HTML data are presented as follows::

<h4>Jogo: Area 51</h4>
<li>Região: 2 - </li>
<li>Sistema: 8 - Sony PlayStation</li>
<li>Ano: 2003</li>
<li>Publicadoras: 1190 - Midway, 730 - GT Interactive</li>
<li>Desenvolvedora: 1165 - Mesa Logic</li>
<!-- Quebra de linha, não é comentada assim no código original -->

Therefore, it is practically impossible to put all data in my database manually and accurately in a form of at least convert to XML (or a way to already play everything straight in BD), so that somehow you can pass to the BD that is Mysql.

PS: In the middle of the process, it is important that the browser does not stop and stop responding so that there is no addition of repeated data!

  • 1

    It would be nice a definitive guide of those around here.

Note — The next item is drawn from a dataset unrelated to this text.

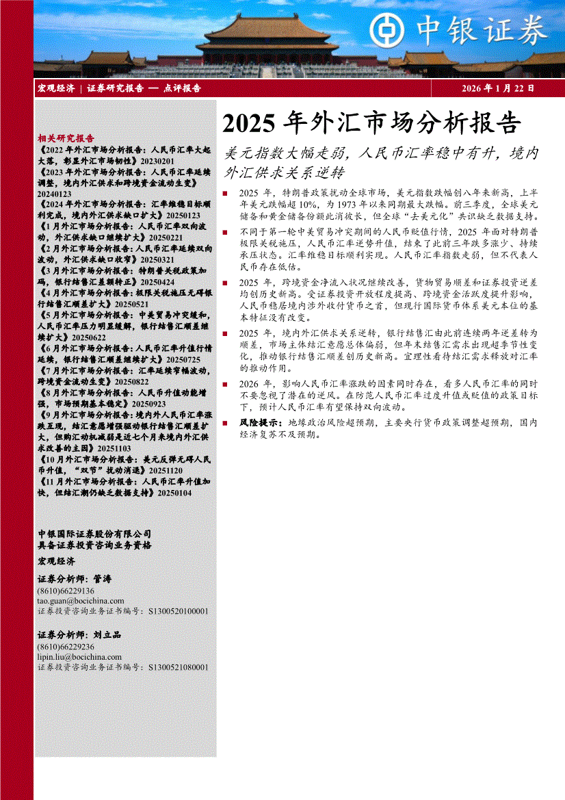 中银国际-2025年外汇市场分析报告:美元指数大幅走弱,人民币汇率稳中有升,境内外汇供求关系逆转-260122

  • In fact, I can only support.. hahaha

  • 1

    I think only with the DOM can solve your case. And you could keep trying until you answer ;)

  • Now it’s time to sleep, I’ve been breaking my head for a long time. Leave the HTML like this, cute already gave a lot of trampo. hahaha

  • 1

    @Gabrieltadramainginski sleep? What is this? Programmers do not sleep :)

  • Your list looks like this: http://pastebin.com/muEge8cw?

  • It has several ways to solve. A simple and fast medium, just use explode(), strpos(), substr() and so on. In less than 5 minutes I can finish this.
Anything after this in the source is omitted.